> WHAT YOU ARE ASKED TO DO
Leaving out all pictures, reproduce the entries below exactly, from the first line through the line that contains "霍利斯4.6尺多功能玻璃伸縮餐桌 首頁 產品型錄".

:::::

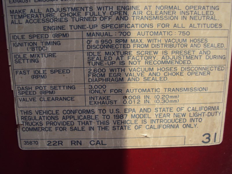 1987 TOYOTA PICK UP TRUCK REGULAR CAB STANDARD MODEL 2.4L CARBURETOR MT 5 SPEED 2WD COLOR RED Z134891987 TOYOTA PICK UP TRUCK REGULAR CAB STANDARD MODEL 2.4L CARBURETOR MT 5 SPEED 2WD COLOR RED Z13489
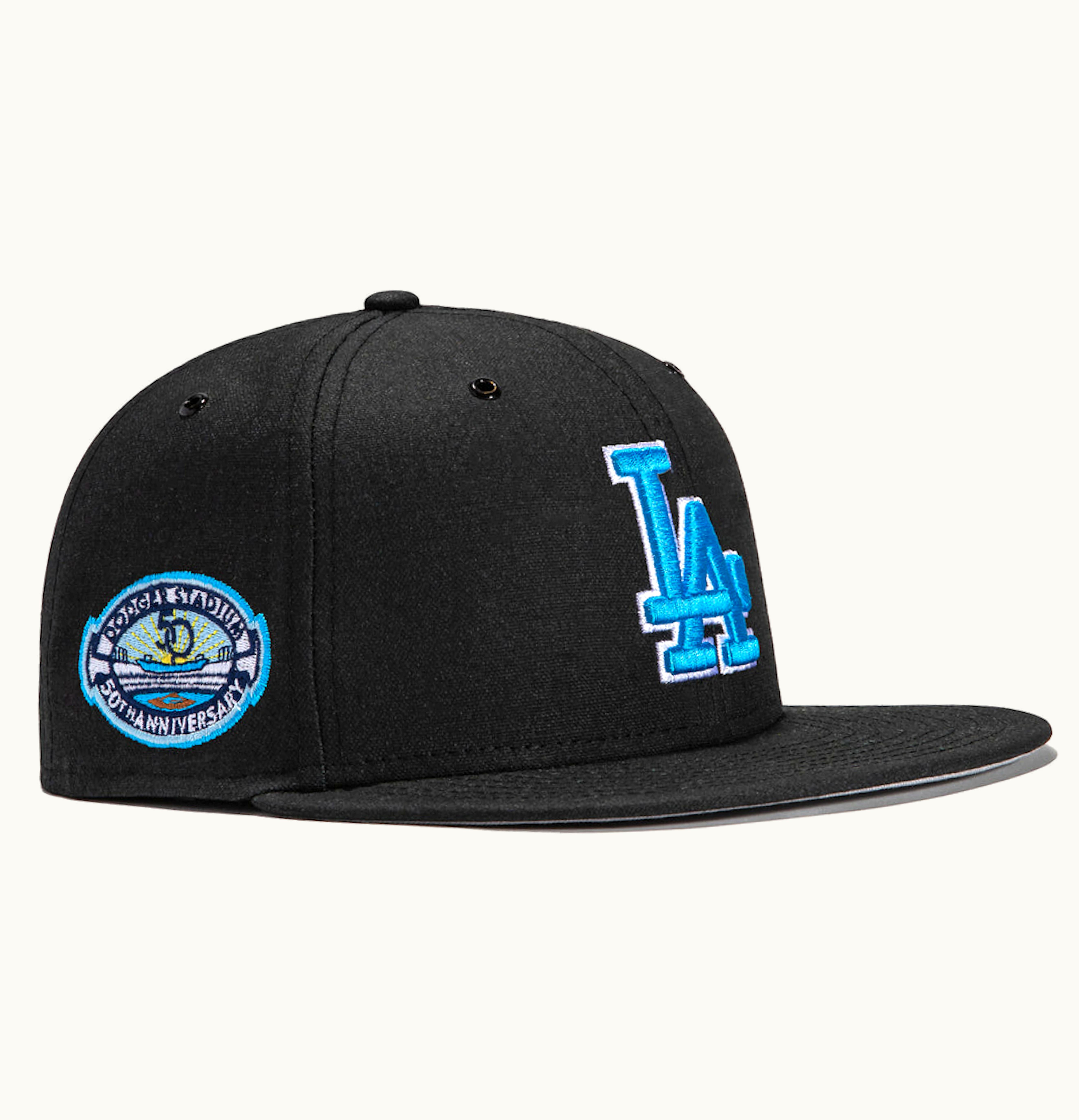 New Era x Hat Club Exclusive Aux Pack Vinyl Los Angeles Dodgers 50th Anniversary Stadium Patch 59Fifty Fitted Hat Black | GLINT
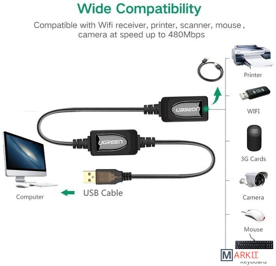 Markit » Кабели, адаптеры, разветвители » Удлинитель Ugreen US121 10323 USB Type-A - USB Type-A (15 м, черный)
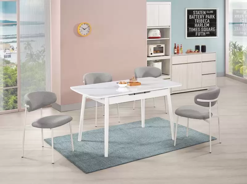 霍利斯4.6尺多功能玻璃伸縮餐桌 首頁 產品型錄 餐桌+餐椅 圓形餐桌.功能收合餐桌 霍利斯4.6尺多功能玻璃伸縮餐桌 產品型號 : 1812-2 線上型錄 滿萬折千 價格 : 5400 規格選項 : 霍利斯4.6尺多功能玻璃伸縮餐桌 數量 : 加入詢價車 霍利斯4.6尺多功能玻璃伸縮餐桌 價格 : $ 5400 收合 : 寬112 深76 高76 公分 拉開 : 寬140 深76 高76 公分 桌面:岩玻 : 仿岩燒石強化石紋玻璃(5mm強化石紋玻璃) 桌腳:實木 塗裝:採用優麗坦耐磨耐水塗裝 (中間跳板) 圖片餐椅https://www.chunglong.com/product/3515
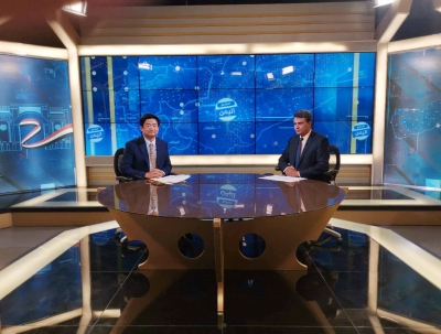 2023年8月28日,驻也门使馆临时代办邵峥做客也门电视台,接受该台《专访》栏目直播采访,重点介绍金砖国家领导人第十五次会晤有关情况,并就中也关系等问题回答提问。
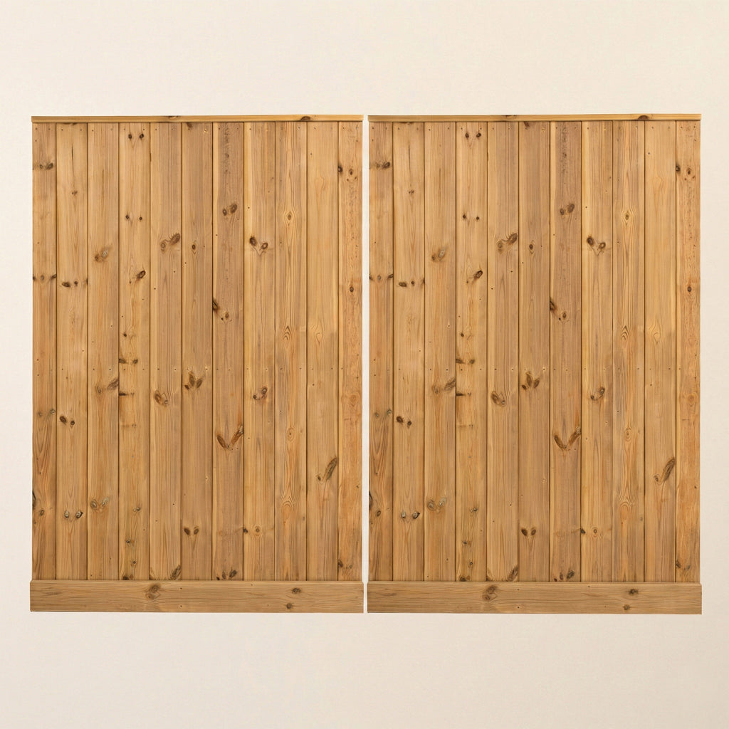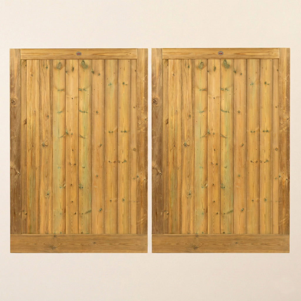 Iroko Croyde Mortise & Tenon Entrance Gates - Front view of complete gate pair showing vertical tongue and groove design and premium Iroko hardwood finish
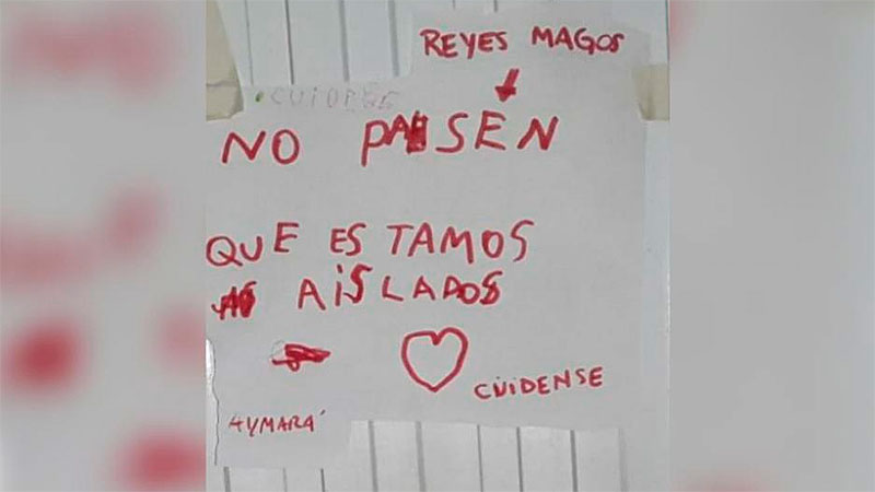 “Reyes Magos. No pasen que estamos aislados. Cuídense”, se leen en el escrito que dejó en su domicilio.
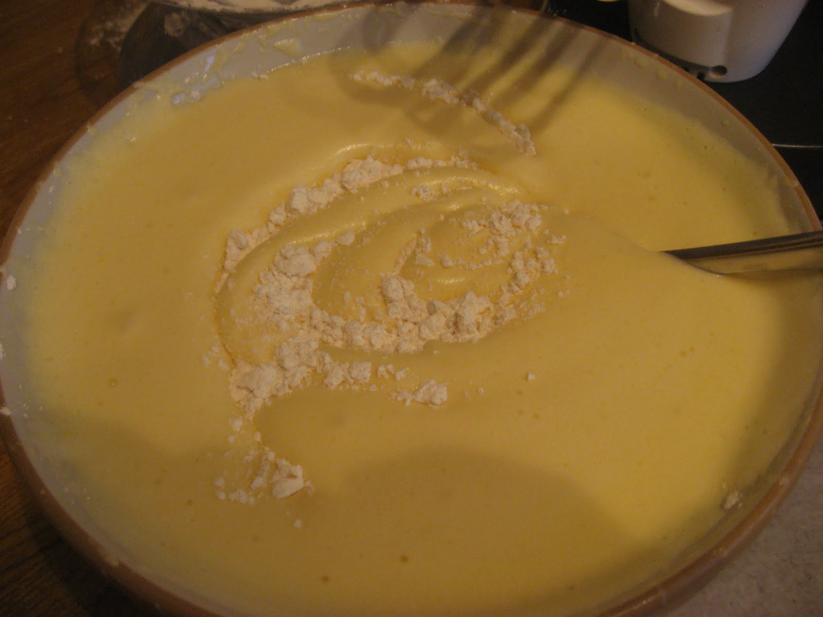 3. You little star! That’s your workout done for the week. Now it’s time to combine all your different flours and your custard powder, and sift them together THREE TIMES! Yes! Three please. It’s like something out of a fairy tale, isn’t it! Three wishes. So sift three times….then use a slotted metal spoon and fold the flour mixture into the egg mixture until just combined.
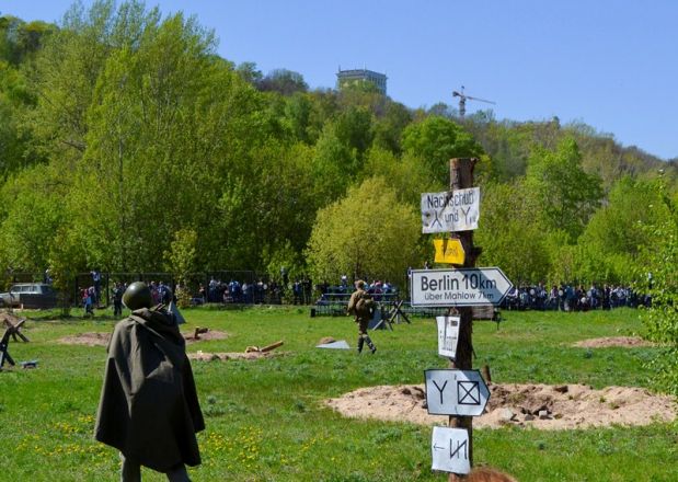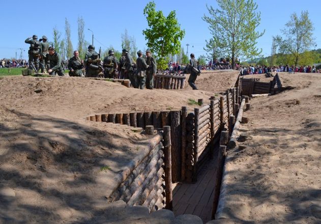 В 13 часов празднование 9 мая открылись в парке Победы на Гребном канале, где уже этим летом появятся четыре новых образца военной техники. В этот день в парке побывали около 10 тысяч нижегородцев. Главным событием здесь стала реконструкция боя на подступах к Берлину, которую продемонстрировали гостям участники военно-исторических клубов Нижегородской области.
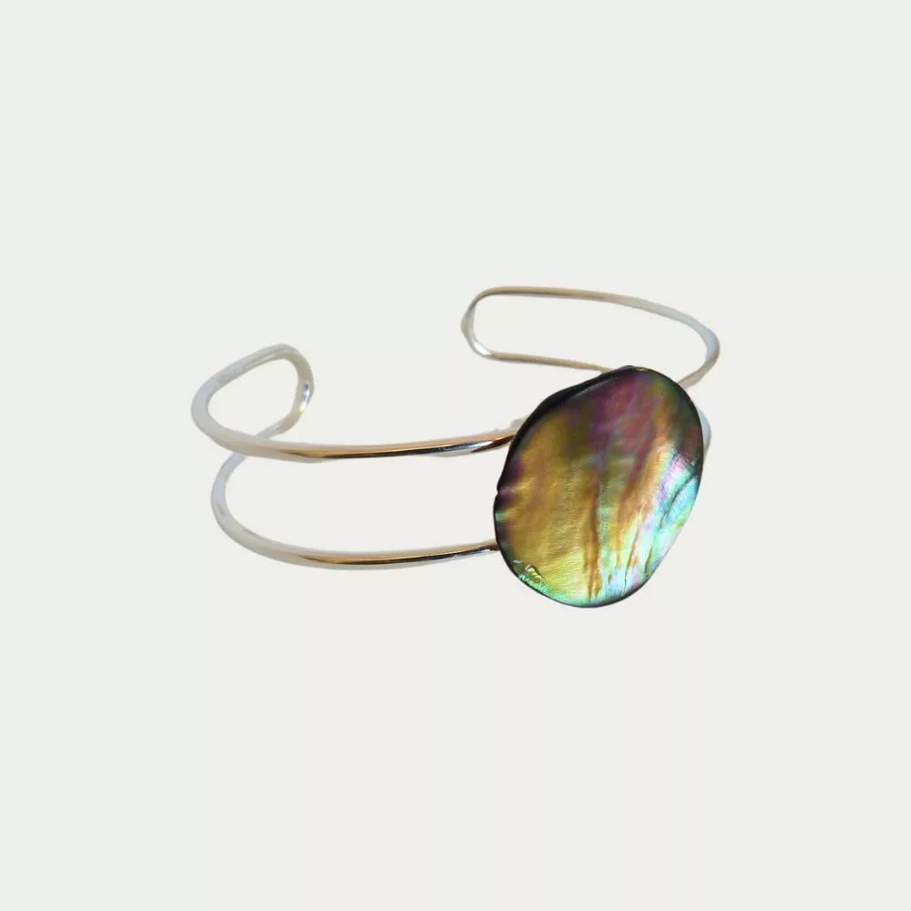 Ce bracelet Nacre Irisée se pare d’un magnifique disque de nacre. La matière naturelle s’anime de fabuleux reflets. Accessoire à l’élégance intemporelle, vous le porterez facilement au quotidien. Bracelet en laiton placage argent fin, adaptable à tous les poignets.

:::::

> RESPONSE TO THIS EXERCISE
 1987 TOYOTA PICK UP TRUCK REGULAR CAB STANDARD MODEL 2.4L CARBURETOR MT 5 SPEED 2WD COLOR RED Z134891987 TOYOTA PICK UP TRUCK REGULAR CAB STANDARD MODEL 2.4L CARBURETOR MT 5 SPEED 2WD COLOR RED Z13489
 New Era x Hat Club Exclusive Aux Pack Vinyl Los Angeles Dodgers 50th Anniversary Stadium Patch 59Fifty Fitted Hat Black | GLINT
 Markit » Кабели, адаптеры, разветвители » Удлинитель Ugreen US121 10323 USB Type-A - USB Type-A (15 м, черный)
 霍利斯4.6尺多功能玻璃伸縮餐桌 首頁 產品型錄 餐桌+餐椅 圓形餐桌.功能收合餐桌 霍利斯4.6尺多功能玻璃伸縮餐桌 產品型號 : 1812-2 線上型錄 滿萬折千 價格 : 5400 規格選項 : 霍利斯4.6尺多功能玻璃伸縮餐桌 數量 : 加入詢價車 霍利斯4.6尺多功能玻璃伸縮餐桌 價格 : $ 5400 收合 : 寬112 深76 高76 公分 拉開 : 寬140 深76 高76 公分 桌面:岩玻 : 仿岩燒石強化石紋玻璃(5mm強化石紋玻璃) 桌腳:實木 塗裝:採用優麗坦耐磨耐水塗裝 (中間跳板) 圖片餐椅https://www.chunglong.com/product/3515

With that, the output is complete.